At the start of 2026, the U.S. government issued a revamp of national dietary requirements that encourages the consumption of protein and less added sugar while advocating against highly processed foods. A new, inverted food pyramid emphasizes the need to eat more fruits, vegetables, proteins, dairy and healthy fats, forming part of a policy directive that also aims to significantly reduce ultra-processed foods in school meals, phase out synthetic food dyes and reform the Generally Recognized As Safe regulatory framework for food additives.
The administration is expected to issue new procurement regulations for schools early in the year, though implementation may take much longer given the need to reformulate menus and recalibrate supply chains. Last time such a change was made, implementation took close to a decade to finalize, making it likely the execution phase will outlast the current administration. Nevertheless, the new policy directives will strengthen already evident consumer trends driving investors towards top-of-the-pyramid healthy foodstuffs.
Beyond MAHA, the Food & Drug Administration’s Human Foods Program announced its priorities for 2026. That included a plan to reform current regulations to more effectively regulate the safety of food substances and increase transparency about substances in the food supply, as well as the creation of a new front-of-package nutrition labeling program.
At a state level, we have seen numerous states working to mirror MAHA priorities with new packaging labeling measures and restrictions on food additives. Fragmentation of the regulatory landscape at state level will undoubtedly create additional compliance challenges for private equity portfolio companies moving forward.
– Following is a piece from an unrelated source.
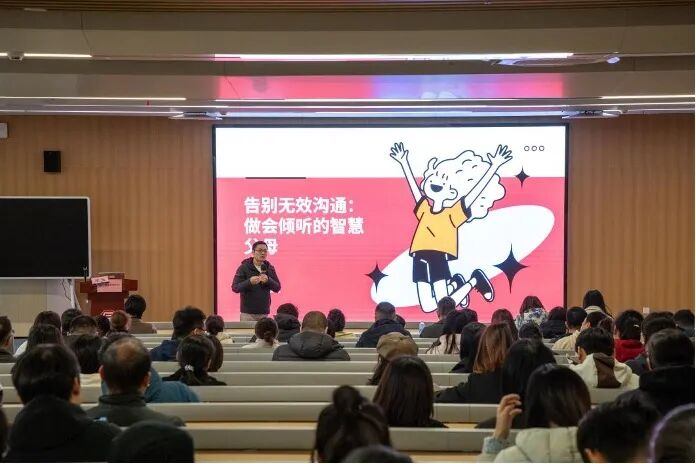 学校邀请到心理咨询师徐恒为家长举办“告别无效沟通:做会倾听的智慧父母”主题讲座,他指出亲子沟通矛盾的核心在于孩子情感需求被忽视,强调“听见情绪”的重要性,介绍了情绪标签法、三分钟情绪镜射法、开放式提问等实用倾听技巧,以及情绪管理和冲突修复方法,建议通过日常家庭互动将倾听仪式化,以提升亲子信任、促进家校协同,帮助孩子平稳度过青春期。

Akin is closely monitoring these developments and their impact on regulated industry, with particular focus on how evolving federal and state requirements may affect portfolio company operations, diligence and transaction risk.
Supply Chain Resilience
Building sustainable and resilient supply chains has been another theme underpinning private equity investment theses in food and agriculture over the past year. Regenerative farming remains a popular category within agriculture as farmers transition to organic operations and get behind cleaner alternative fertilizers and pesticides.
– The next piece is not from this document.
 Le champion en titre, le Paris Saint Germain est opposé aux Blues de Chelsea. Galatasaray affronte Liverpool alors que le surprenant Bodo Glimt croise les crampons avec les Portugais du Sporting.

In January, Akin advised Paine Schwartz Partners on the sale of its portfolio company AgBiTech, which specializes in biological insect control solutions, to BASF Agricultural Solutions, by way of an example. The same client’s portfolio company HGS BioScience, a leading provider of biological crop solutions, also acquired Pharmgrade, an Idaho-based innovator specializing in microbial consortium products at the start of this year.
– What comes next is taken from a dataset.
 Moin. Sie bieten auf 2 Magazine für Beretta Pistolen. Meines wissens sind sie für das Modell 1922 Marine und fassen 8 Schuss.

Outside of regenerative farming, resilient supply chains have been in focus as food and beverage companies have sought to scale up in response to demand while navigating tariffs, workforce constraints and other challenges. We are seeing private equity sponsors ramp up due diligence on food and agriculture deals as it pertains to sourcing of inputs and, where those are tariff-impacted, exploring the need for alternatives. Cargill, the meatpacking giant, announced late 2025 that it is actively addressing housing shortages for workers by investing $40 million in dedicated employee housing, a project that could yet be emulated by other industry players seeking to solidify workforce support.
Agtech
Finally, we continue to see investors looking to get behind innovation in the food and agriculture space as it pertains to agri-food tech. Whether motivated by yield enhancement, the need to address labor shortages or other efficiency gains, some of the segments attracting capital in 2025 included plant science, precision agriculture, carbon reduction and enabling technologies like AI and data automation. We certainly expect those same trends to keep gathering momentum through the year ahead.